| YOUR GOAL |
Output only the entries, exactly as given, without the pictures.

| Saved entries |
- Opening Delimiter -

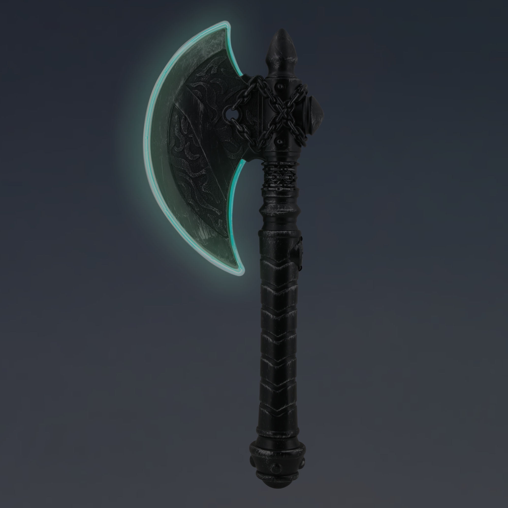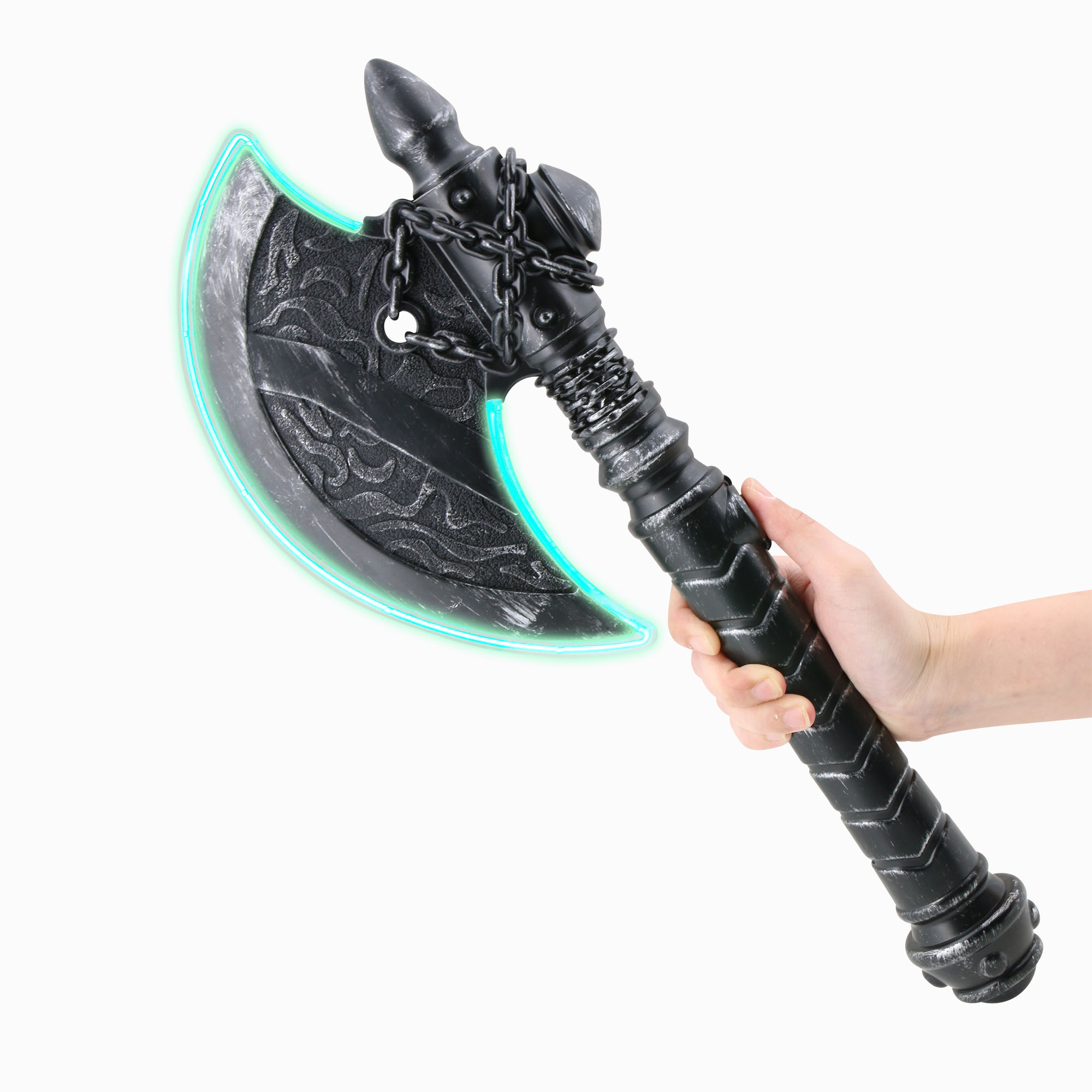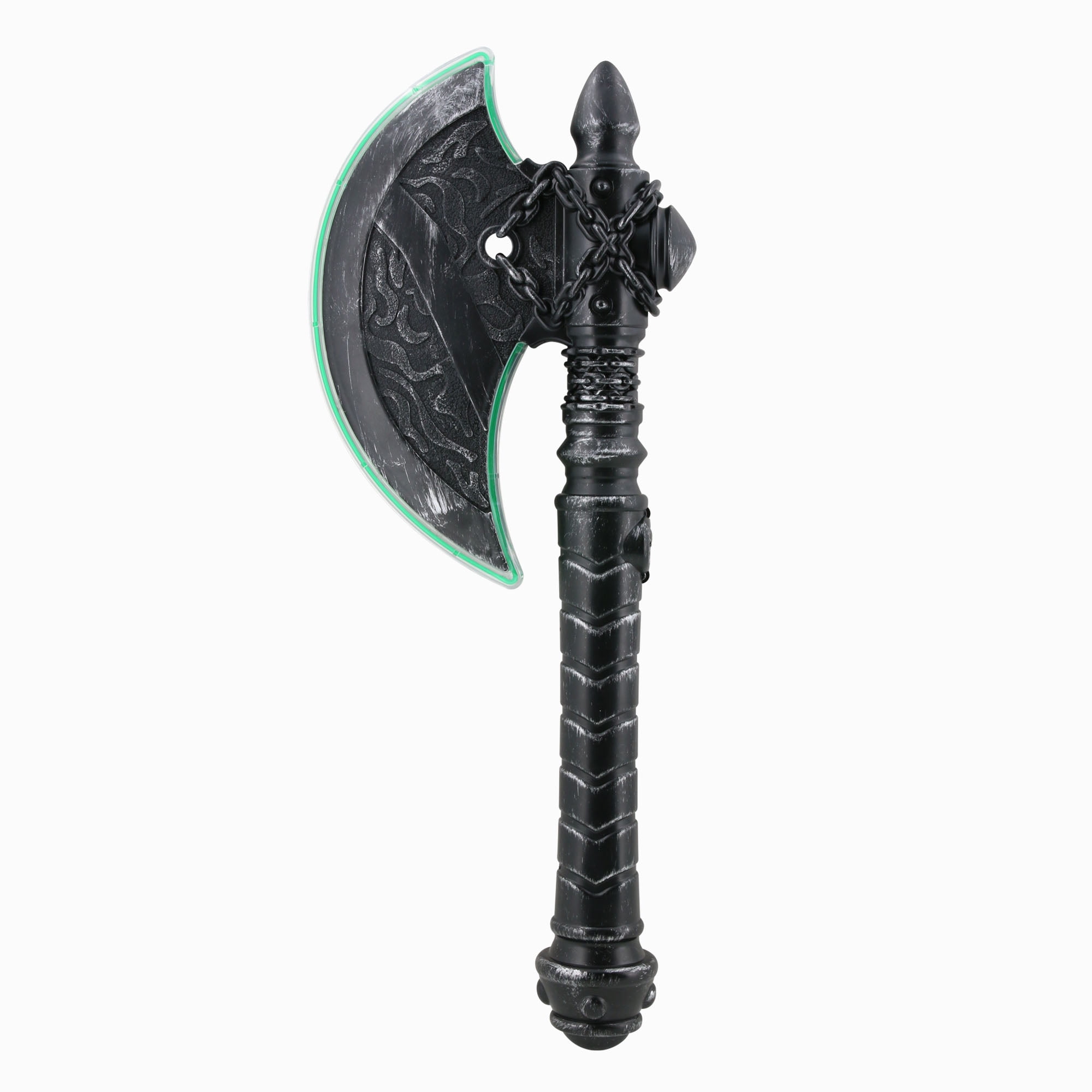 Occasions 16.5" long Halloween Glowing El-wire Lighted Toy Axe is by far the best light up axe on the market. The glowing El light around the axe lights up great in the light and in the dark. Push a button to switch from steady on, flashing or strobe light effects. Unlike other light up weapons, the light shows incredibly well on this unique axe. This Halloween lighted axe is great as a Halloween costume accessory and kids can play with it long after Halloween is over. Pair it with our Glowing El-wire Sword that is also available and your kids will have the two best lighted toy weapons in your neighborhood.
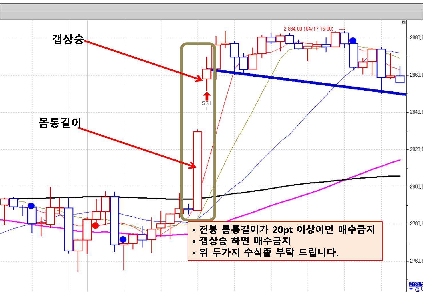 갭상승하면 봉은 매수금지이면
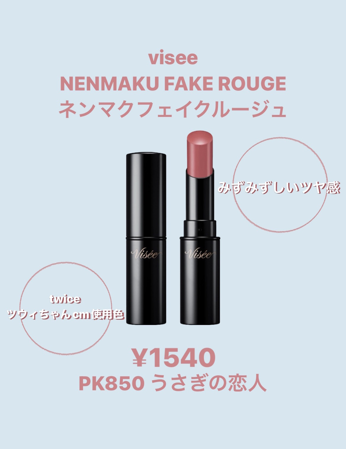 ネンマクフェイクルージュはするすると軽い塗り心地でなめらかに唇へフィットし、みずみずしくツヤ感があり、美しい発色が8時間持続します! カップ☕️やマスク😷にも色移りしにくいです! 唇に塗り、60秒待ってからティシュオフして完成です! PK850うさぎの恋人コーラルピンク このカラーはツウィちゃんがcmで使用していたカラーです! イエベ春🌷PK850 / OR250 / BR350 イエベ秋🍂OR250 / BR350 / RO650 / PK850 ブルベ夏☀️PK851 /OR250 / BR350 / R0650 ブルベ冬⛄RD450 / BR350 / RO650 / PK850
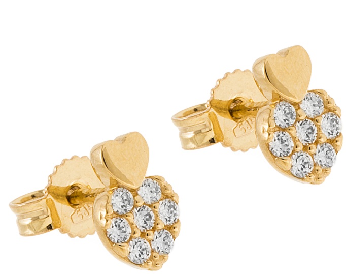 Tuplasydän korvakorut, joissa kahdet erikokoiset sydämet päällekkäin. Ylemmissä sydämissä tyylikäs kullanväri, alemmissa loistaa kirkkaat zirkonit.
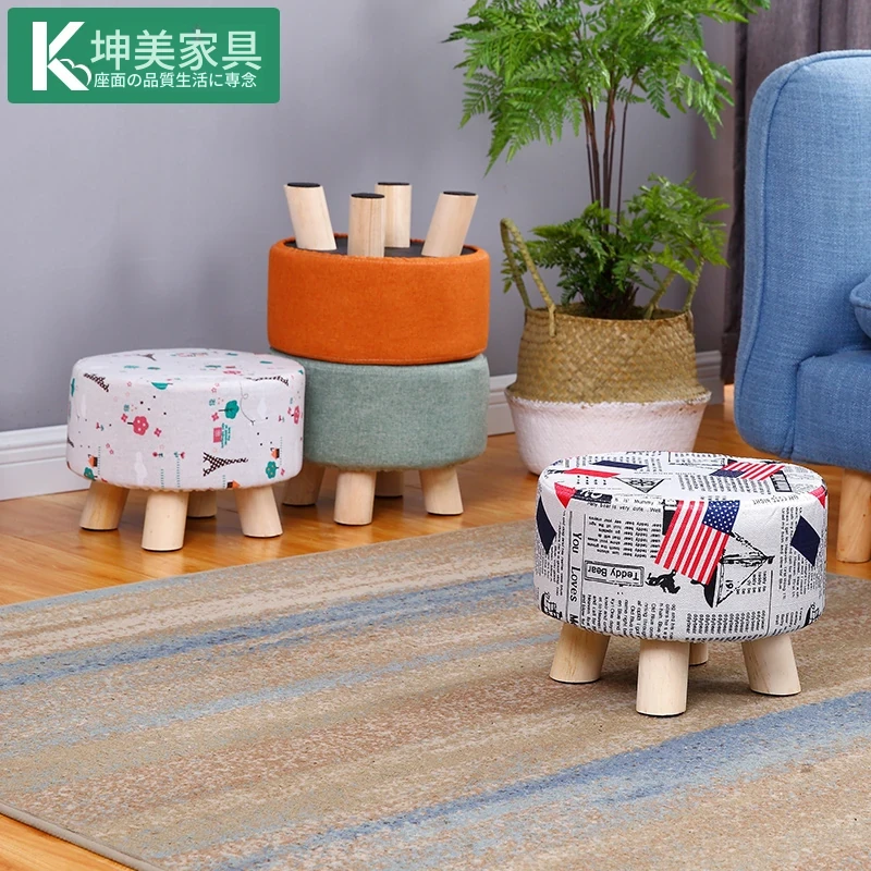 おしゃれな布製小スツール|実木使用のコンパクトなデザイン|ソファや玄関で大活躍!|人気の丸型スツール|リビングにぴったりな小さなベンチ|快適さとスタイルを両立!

- Closing Delimiter -

| RESULT OF THE EXERCISE |
 Occasions 16.5" long Halloween Glowing El-wire Lighted Toy Axe is by far the best light up axe on the market. The glowing El light around the axe lights up great in the light and in the dark. Push a button to switch from steady on, flashing or strobe light effects. Unlike other light up weapons, the light shows incredibly well on this unique axe. This Halloween lighted axe is great as a Halloween costume accessory and kids can play with it long after Halloween is over. Pair it with our Glowing El-wire Sword that is also available and your kids will have the two best lighted toy weapons in your neighborhood.
 갭상승하면 봉은 매수금지이면
 ネンマクフェイクルージュはするすると軽い塗り心地でなめらかに唇へフィットし、みずみずしくツヤ感があり、美しい発色が8時間持続します! カップ☕️やマスク😷にも色移りしにくいです! 唇に塗り、60秒待ってからティシュオフして完成です! PK850うさぎの恋人コーラルピンク このカラーはツウィちゃんがcmで使用していたカラーです! イエベ春🌷PK850 / OR250 / BR350 イエベ秋🍂OR250 / BR350 / RO650 / PK850 ブルベ夏☀️PK851 /OR250 / BR350 / R0650 ブルベ冬⛄RD450 / BR350 / RO650 / PK850
 Tuplasydän korvakorut, joissa kahdet erikokoiset sydämet päällekkäin. Ylemmissä sydämissä tyylikäs kullanväri, alemmissa loistaa kirkkaat zirkonit.
 おしゃれな布製小スツール|実木使用のコンパクトなデザイン|ソファや玄関で大活躍!|人気の丸型スツール|リビングにぴったりな小さなベンチ|快適さとスタイルを両立!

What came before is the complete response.